# AIM OF THE TASK
Take the lines of the data below from the very first through the line containing "Stunning Corner Condo" and output them exactly, pictures excluded.

[Excerpts from a dataset]
--- --- ---

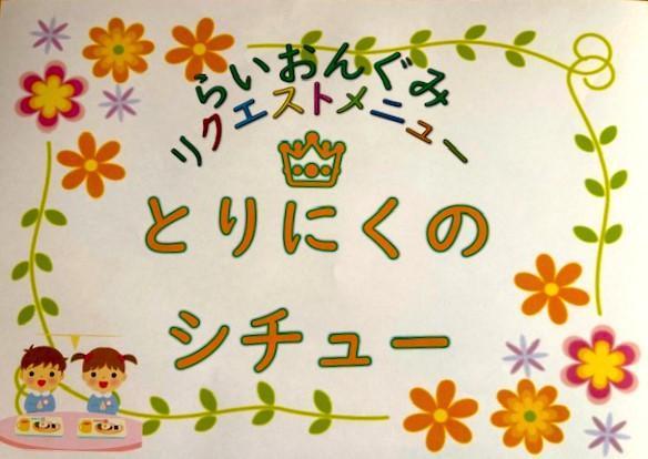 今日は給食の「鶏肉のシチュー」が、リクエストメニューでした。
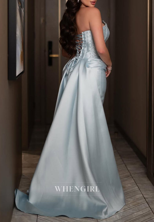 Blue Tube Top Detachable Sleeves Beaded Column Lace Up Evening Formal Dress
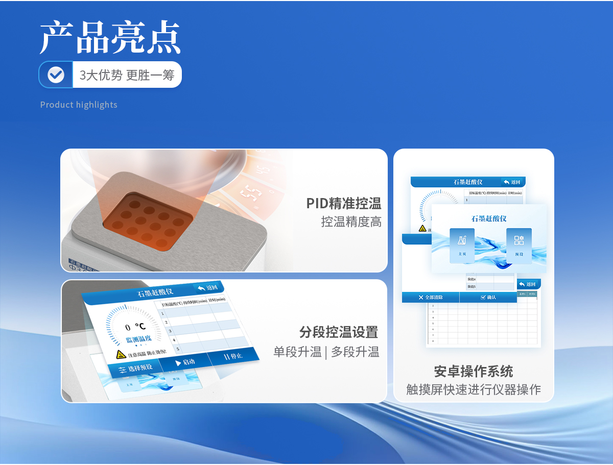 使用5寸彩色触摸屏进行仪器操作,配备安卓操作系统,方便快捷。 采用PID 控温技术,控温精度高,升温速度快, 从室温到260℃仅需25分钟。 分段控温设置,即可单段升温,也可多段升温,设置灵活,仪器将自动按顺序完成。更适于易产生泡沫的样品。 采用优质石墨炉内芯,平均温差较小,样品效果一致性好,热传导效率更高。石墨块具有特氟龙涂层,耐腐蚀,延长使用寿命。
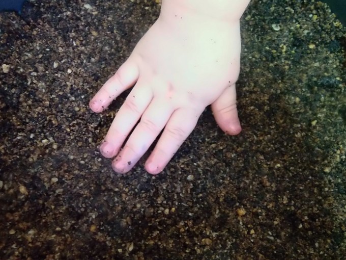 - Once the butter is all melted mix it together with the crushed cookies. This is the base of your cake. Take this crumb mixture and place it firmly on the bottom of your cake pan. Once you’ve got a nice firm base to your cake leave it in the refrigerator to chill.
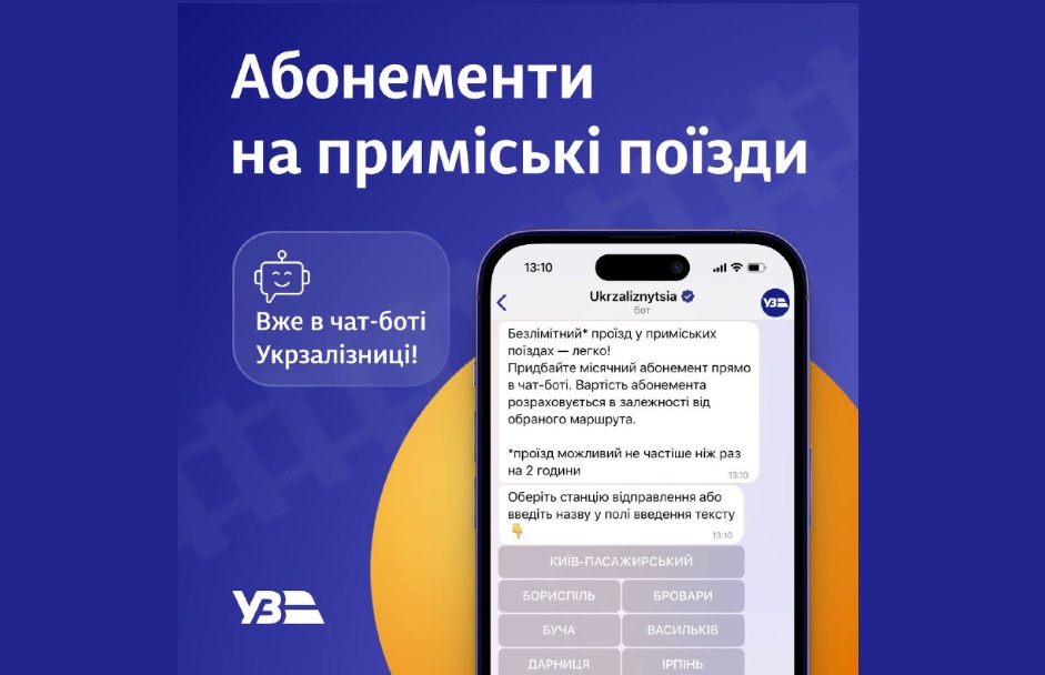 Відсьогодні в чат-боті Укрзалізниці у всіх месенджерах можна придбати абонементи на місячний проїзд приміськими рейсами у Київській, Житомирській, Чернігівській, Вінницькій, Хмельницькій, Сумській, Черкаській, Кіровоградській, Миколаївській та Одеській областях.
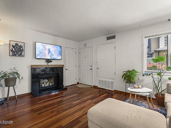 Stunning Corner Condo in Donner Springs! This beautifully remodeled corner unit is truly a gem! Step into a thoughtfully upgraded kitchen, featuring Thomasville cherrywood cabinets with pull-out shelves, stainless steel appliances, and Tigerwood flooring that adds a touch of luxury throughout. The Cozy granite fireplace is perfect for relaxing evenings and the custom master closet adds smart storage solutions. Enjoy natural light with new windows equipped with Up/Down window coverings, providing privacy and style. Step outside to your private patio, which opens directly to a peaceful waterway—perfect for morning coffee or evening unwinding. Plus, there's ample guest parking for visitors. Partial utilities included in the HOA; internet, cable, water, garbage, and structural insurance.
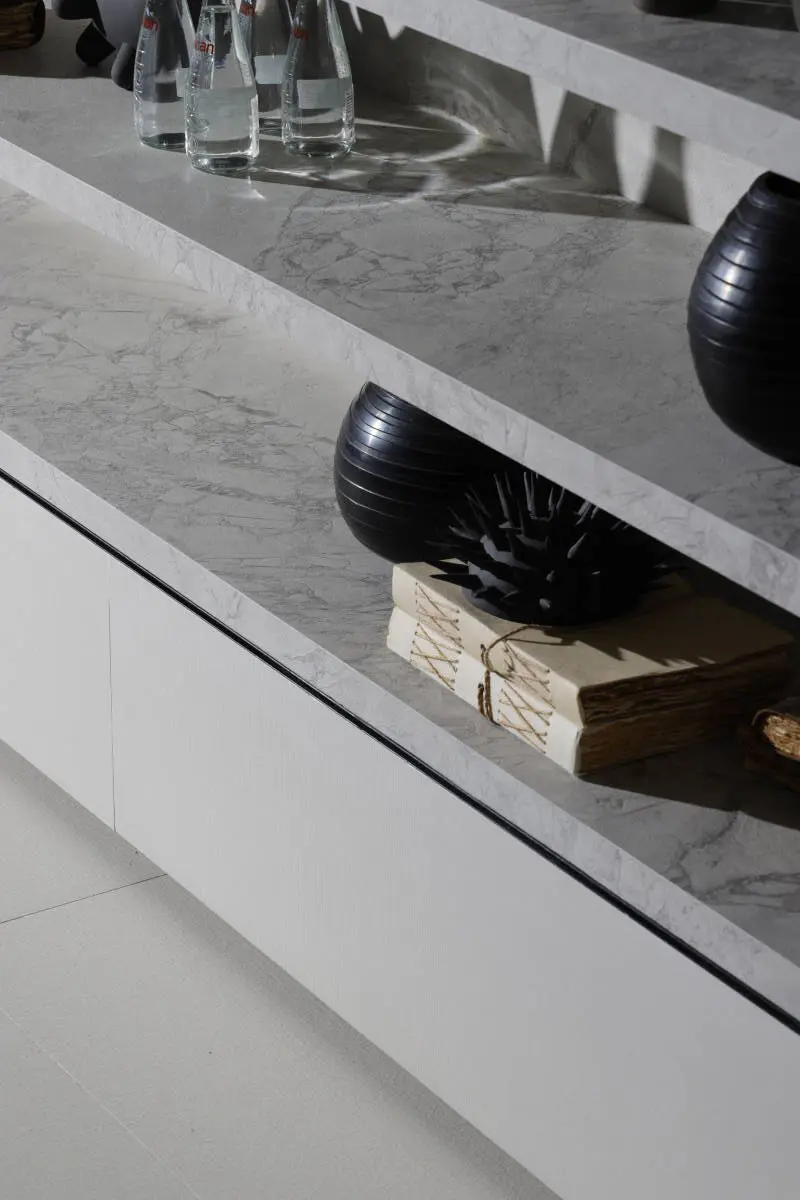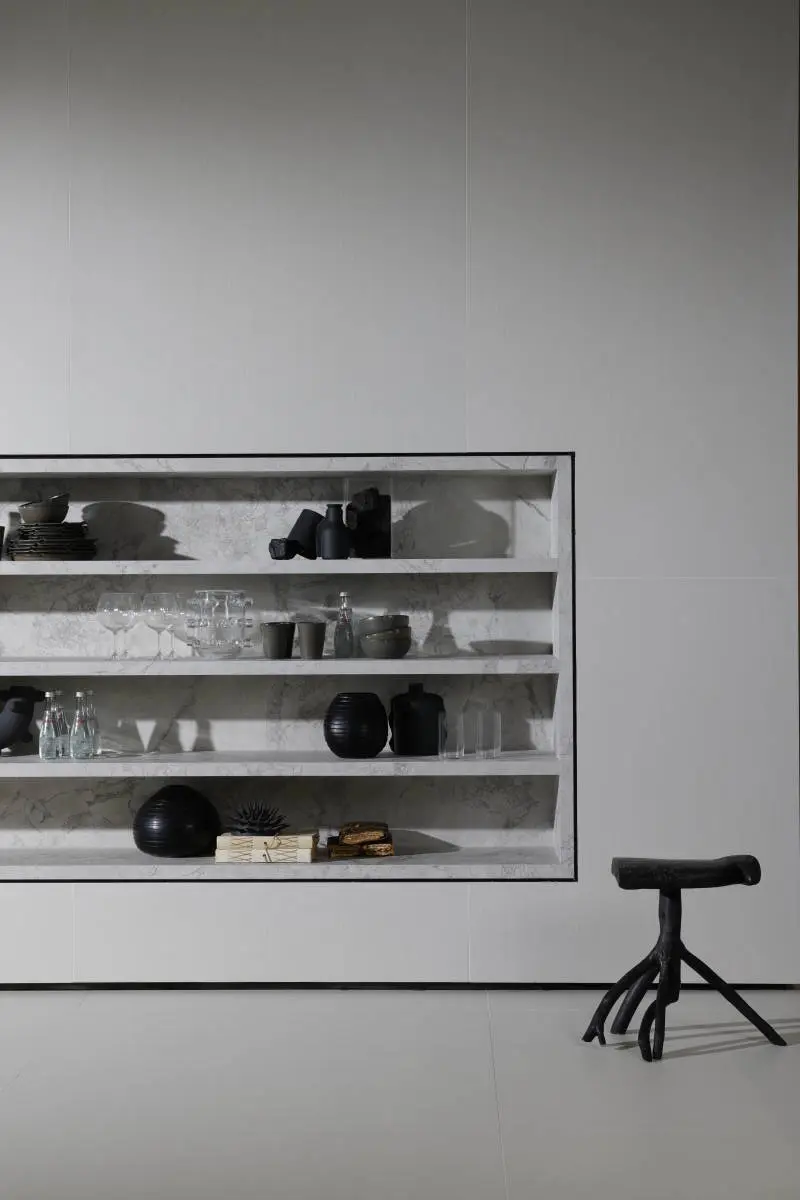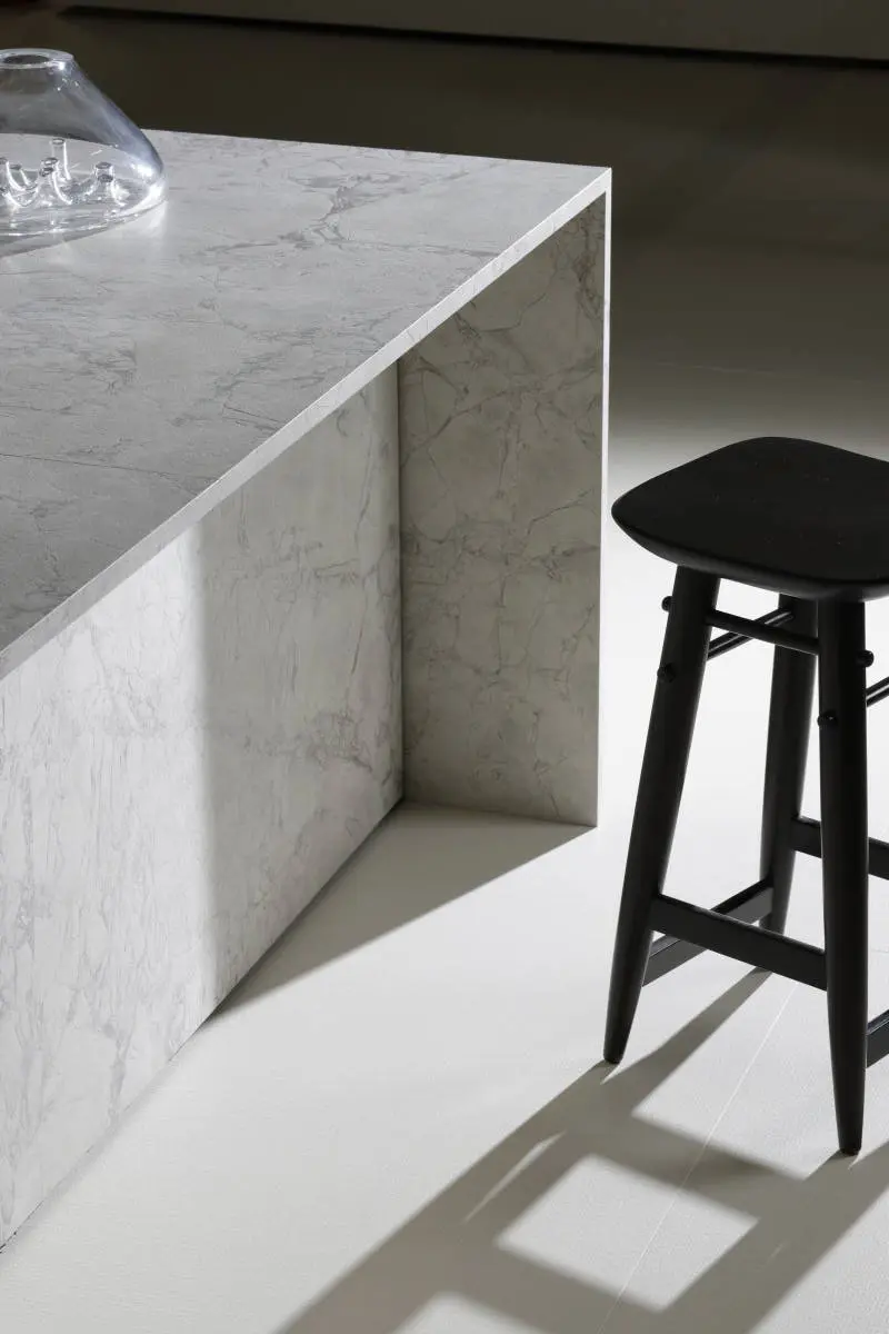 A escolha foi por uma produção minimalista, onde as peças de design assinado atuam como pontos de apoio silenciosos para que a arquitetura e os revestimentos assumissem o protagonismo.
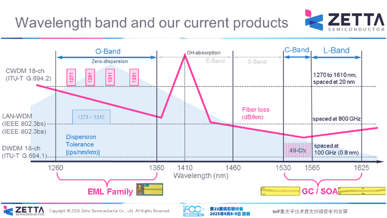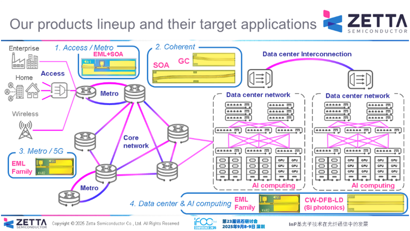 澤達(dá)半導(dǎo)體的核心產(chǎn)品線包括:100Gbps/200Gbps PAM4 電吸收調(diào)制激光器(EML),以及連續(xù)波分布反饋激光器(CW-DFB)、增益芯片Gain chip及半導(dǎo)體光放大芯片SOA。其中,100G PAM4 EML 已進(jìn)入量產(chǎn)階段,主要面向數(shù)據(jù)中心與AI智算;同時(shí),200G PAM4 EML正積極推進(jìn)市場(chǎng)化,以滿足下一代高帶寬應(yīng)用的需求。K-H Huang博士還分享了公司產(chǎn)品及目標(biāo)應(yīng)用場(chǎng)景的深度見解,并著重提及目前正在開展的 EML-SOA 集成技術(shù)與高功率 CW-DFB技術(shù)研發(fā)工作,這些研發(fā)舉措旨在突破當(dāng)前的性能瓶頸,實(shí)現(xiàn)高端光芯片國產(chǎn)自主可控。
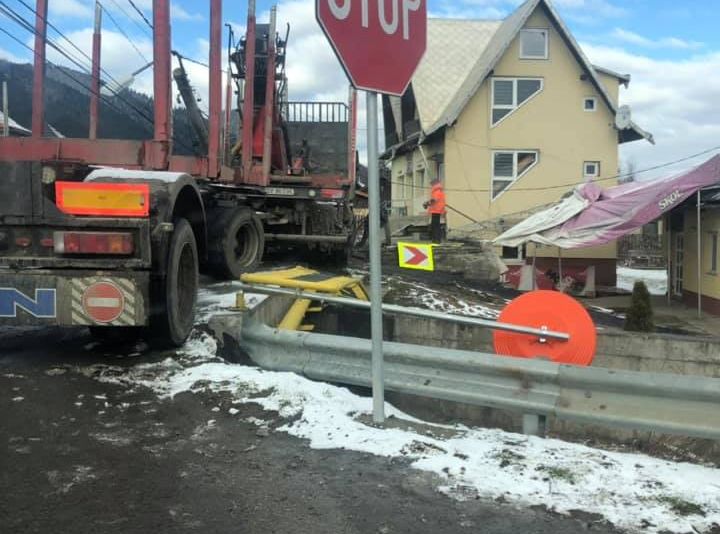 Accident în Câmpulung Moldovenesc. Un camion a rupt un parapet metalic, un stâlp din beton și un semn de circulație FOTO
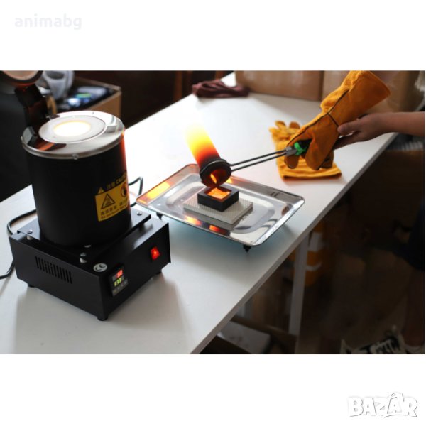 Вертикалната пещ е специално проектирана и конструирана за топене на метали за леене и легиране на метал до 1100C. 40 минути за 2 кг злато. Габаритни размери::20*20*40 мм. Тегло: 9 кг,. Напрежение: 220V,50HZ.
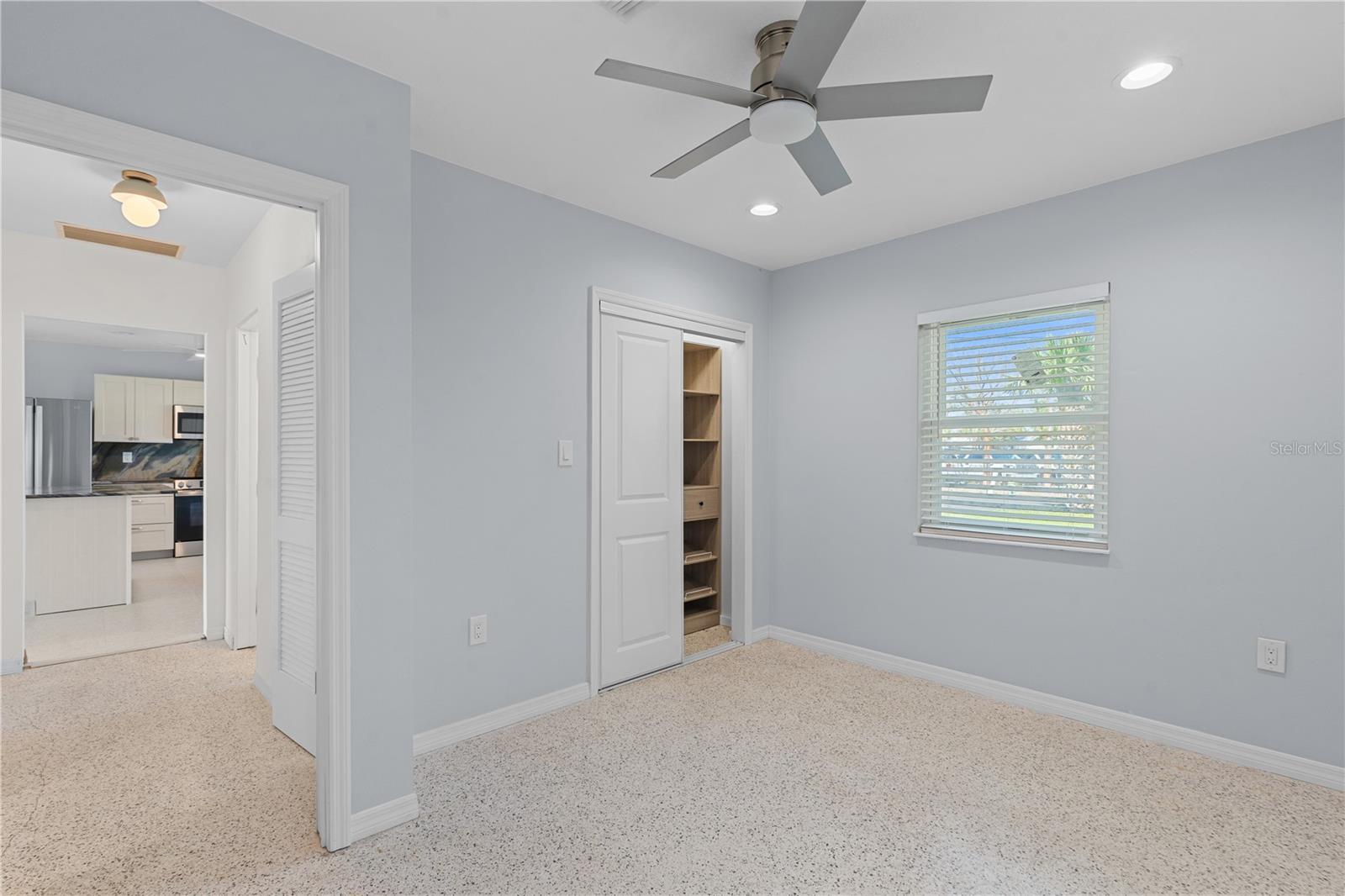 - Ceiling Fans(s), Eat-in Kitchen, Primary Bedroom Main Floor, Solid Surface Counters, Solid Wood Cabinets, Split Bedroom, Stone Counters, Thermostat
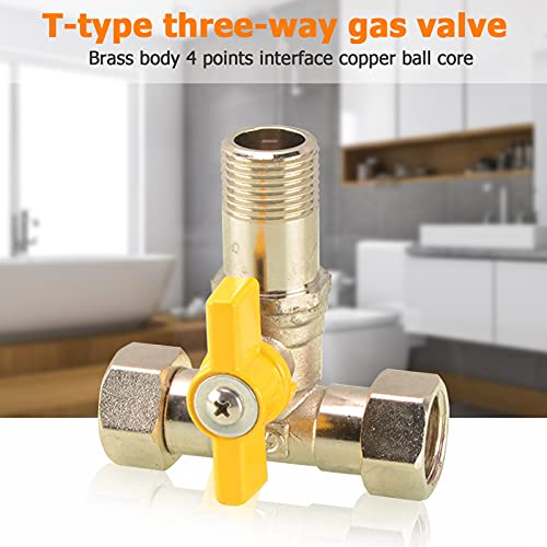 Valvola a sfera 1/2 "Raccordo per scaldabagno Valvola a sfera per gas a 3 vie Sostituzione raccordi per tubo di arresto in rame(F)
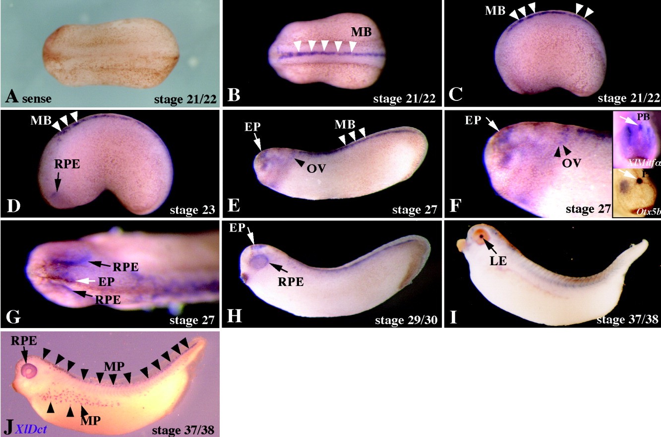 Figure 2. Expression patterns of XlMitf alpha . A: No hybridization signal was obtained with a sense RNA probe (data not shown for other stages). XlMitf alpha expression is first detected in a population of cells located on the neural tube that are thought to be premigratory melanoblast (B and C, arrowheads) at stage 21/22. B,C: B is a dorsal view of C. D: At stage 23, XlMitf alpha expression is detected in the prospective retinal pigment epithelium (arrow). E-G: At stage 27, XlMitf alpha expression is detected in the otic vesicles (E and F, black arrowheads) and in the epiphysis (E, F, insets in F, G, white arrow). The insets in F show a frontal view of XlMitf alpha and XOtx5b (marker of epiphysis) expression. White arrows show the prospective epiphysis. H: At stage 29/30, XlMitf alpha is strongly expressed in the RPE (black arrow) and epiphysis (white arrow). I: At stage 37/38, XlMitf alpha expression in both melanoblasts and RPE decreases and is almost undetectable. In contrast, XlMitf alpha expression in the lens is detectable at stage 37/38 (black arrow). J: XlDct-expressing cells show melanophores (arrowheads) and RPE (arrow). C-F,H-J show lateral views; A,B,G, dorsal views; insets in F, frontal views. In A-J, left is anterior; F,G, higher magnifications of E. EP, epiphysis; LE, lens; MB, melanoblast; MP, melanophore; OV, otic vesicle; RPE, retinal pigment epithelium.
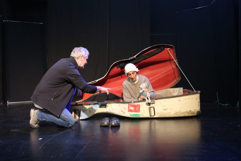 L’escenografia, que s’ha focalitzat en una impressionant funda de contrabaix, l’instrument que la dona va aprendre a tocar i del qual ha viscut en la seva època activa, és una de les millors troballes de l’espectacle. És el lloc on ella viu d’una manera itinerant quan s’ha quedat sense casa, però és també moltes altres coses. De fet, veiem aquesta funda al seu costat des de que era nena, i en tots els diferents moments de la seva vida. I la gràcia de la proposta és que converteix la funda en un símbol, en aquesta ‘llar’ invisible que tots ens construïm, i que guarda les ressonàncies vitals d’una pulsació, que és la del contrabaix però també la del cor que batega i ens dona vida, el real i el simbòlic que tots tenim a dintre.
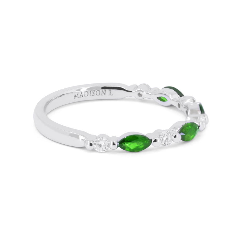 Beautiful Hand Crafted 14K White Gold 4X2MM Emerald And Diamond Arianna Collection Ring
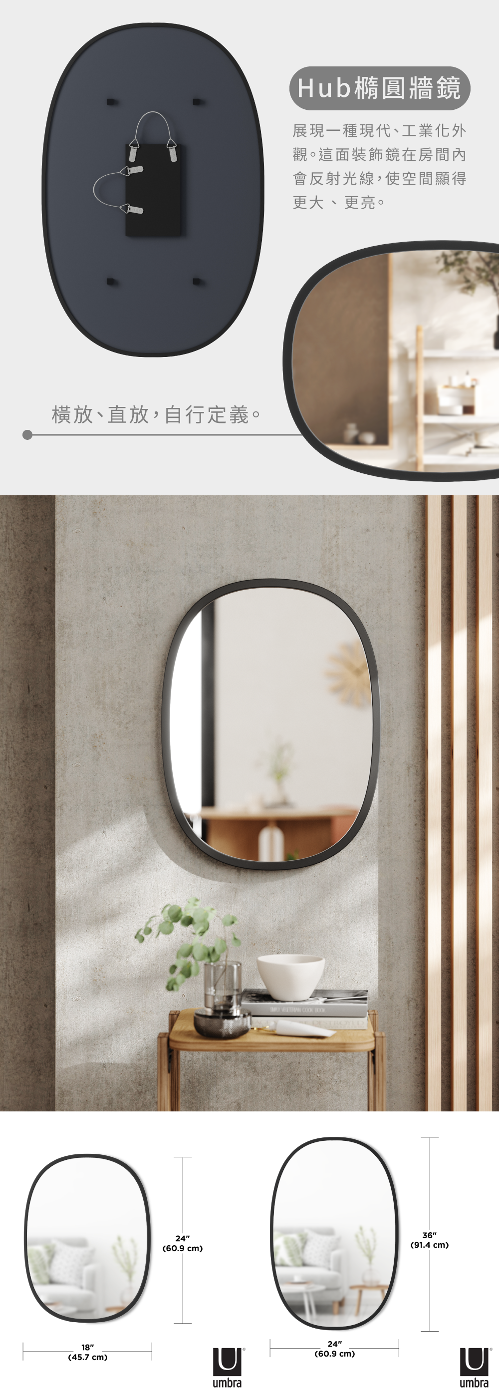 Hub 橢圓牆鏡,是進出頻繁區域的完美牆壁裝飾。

--- --- ---

# EXERCISE OUTPUT
 今日は給食の「鶏肉のシチュー」が、リクエストメニューでした。
 Blue Tube Top Detachable Sleeves Beaded Column Lace Up Evening Formal Dress
 使用5寸彩色触摸屏进行仪器操作,配备安卓操作系统,方便快捷。 采用PID 控温技术,控温精度高,升温速度快, 从室温到260℃仅需25分钟。 分段控温设置,即可单段升温,也可多段升温,设置灵活,仪器将自动按顺序完成。更适于易产生泡沫的样品。 采用优质石墨炉内芯,平均温差较小,样品效果一致性好,热传导效率更高。石墨块具有特氟龙涂层,耐腐蚀,延长使用寿命。
 - Once the butter is all melted mix it together with the crushed cookies. This is the base of your cake. Take this crumb mixture and place it firmly on the bottom of your cake pan. Once you’ve got a nice firm base to your cake leave it in the refrigerator to chill.
 Відсьогодні в чат-боті Укрзалізниці у всіх месенджерах можна придбати абонементи на місячний проїзд приміськими рейсами у Київській, Житомирській, Чернігівській, Вінницькій, Хмельницькій, Сумській, Черкаській, Кіровоградській, Миколаївській та Одеській областях.
 Stunning Corner Condo in Donner Springs! This beautifully remodeled corner unit is truly a gem! Step into a thoughtfully upgraded kitchen, featuring Thomasville cherrywood cabinets with pull-out shelves, stainless steel appliances, and Tigerwood flooring that adds a touch of luxury throughout. The Cozy granite fireplace is perfect for relaxing evenings and the custom master closet adds smart storage solutions. Enjoy natural light with new windows equipped with Up/Down window coverings, providing privacy and style. Step outside to your private patio, which opens directly to a peaceful waterway—perfect for morning coffee or evening unwinding. Plus, there's ample guest parking for visitors. Partial utilities included in the HOA; internet, cable, water, garbage, and structural insurance.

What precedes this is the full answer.